Die bürokratische Haltung der niederländischen Behörden gegenüber den Dolmetschern vor dem Fall Kabuls hat die Evakuierungen unnötig erschwert. „Vor August 2021 war es sicherer, einfacher und billiger, Pässe zu bekommen“, sagt sie.
De Jong kritisiert auch, dass die Niederlande Afghanen, die oft jahrelang für die niederländische Armee oder die niederländische Regierung arbeiteten, nicht erlaubten, weitere Familienmitglieder (wie Eltern oder unverheiratete Schwestern, die oft zu Hause lebten) mitzunehmen. Ein Land wie Kanada verfolgte diesbezüglich eine viel breitere Politik. Darüber hinaus erteilen Länder wie das Vereinigte Königreich, die Vereinigten Staaten und Australien ihren ehemaligen Mitarbeitern sofort eine dauerhafte Aufenthaltserlaubnis. So bekommen die Menschen Zukunftssicherheit, während die Niederlande zunächst eine Aufenthaltserlaubnis für fünf Jahre ausstellen.
Einer der großen Fehler, den die niederländische Regierung gemacht hat, ist laut De Jong, die Möglichkeit zu schließen, sich per E-Mail zu bewerben, um in die Niederlande versetzt zu werden. Sie nennt das eine „Panikreaktion“, die eine Evakuierung von Afghanen unmöglich macht, die oft jahrelang für niederländische Organisationen oder die niederländische Regierung gearbeitet haben und sich noch in Afghanistan aufhalten.

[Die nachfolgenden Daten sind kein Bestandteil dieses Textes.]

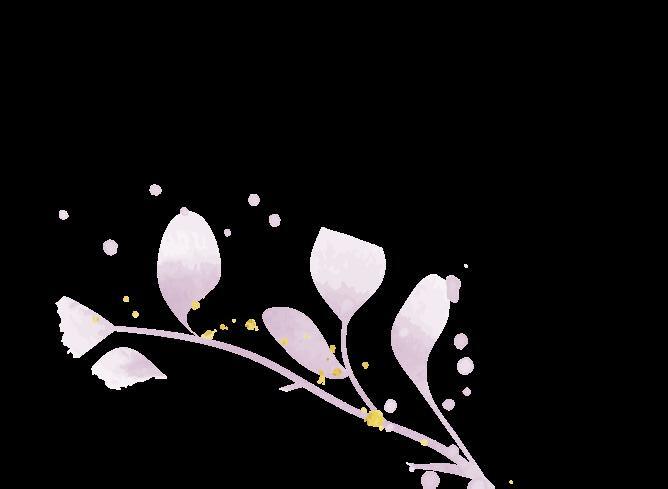 Textura de flor na cor lilás e folhas na cor dourada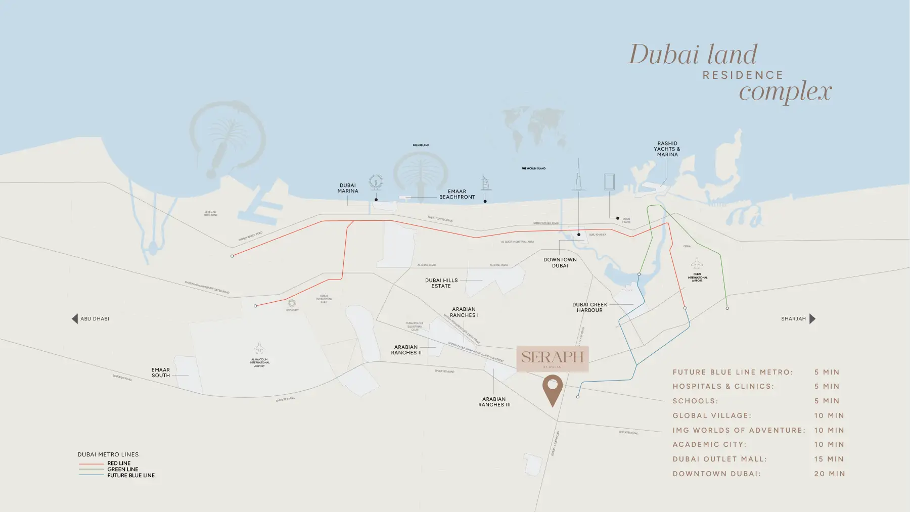 Located in the heart of the Dubailand Residence Complex, it combines the peace and tranquillity of a residential space with easy access to the city's cultural and lifestyle hubs. Getting by is easy because everything is within easy reach: schools and hospitals are within reach of just a few minutes, while other major leisure points like Global Village and IMG Worlds of Adventure are all within reach. The nearby Dubai Outlet Mall and Downtown Dubai are within a short drive and the completion of the Future Blue Line Metro network will provide even quicker access to the rest of the Emirate. Al Maktoum International and Dubai International Airports are well-serviced, while major arterial streets link the community with Dubai Hills, Dubai Marina and Dubai's major business districts.

„Afghanen einlassen, die sich noch nicht melden konnten“
„Jetzt scheint die Sache unter Kontrolle zu sein. Das Haus erhält ordentliche Tabellen, aus denen hervorgeht, wie viele Antragsteller bereits überstellt wurden und wie viele noch in Afghanistan sind“, sagt De Jong. „Aber das ist eine falsche Gewissheit.“
„In Wirklichkeit haben viele Afghanen nach dem ursprünglichen Antrag der D66-Abgeordneten Salima Belhaj immer noch Anspruch auf Evakuierung, aber sie können nicht mehr nachweisen, dass sie evakuiert werden wollen. Dieser Fehler muss wiedergutgemacht werden, verglichen mit Menschen, die sich für Niederländisch eingesetzt haben und westliche Ideale und sind jetzt in einer schwierigen Lage.“
De Jong hofft auch, dass die Niederlande die Afghanen weiterhin herzlich willkommen heißen werden. Sie fragt sich, warum Premierminister Mark Rutte die afghanischen Dolmetscher und Wachen nie besucht hat und warum der Antrag eines 31-jährigen ehemaligen Dolmetschers auf ein Stipendium abgelehnt wurde, weil das Höchstalter für ein solches Stipendium 30 Jahre beträgt. „Haben diese Leute nicht jahrelang daran gearbeitet, das niederländische Militär in Afghanistan durch unsichere Situationen zu führen?“
Sie verweist auf ein Land wie das Vereinigte Königreich, in dem die Regierungskampagne läuft Ein herzliches Willkommen hat begonnen und auch das britische Verteidigungsministerium trennt die Kampagne Neue Hoffnungetwas, das in den Niederlanden nie begonnen wurde.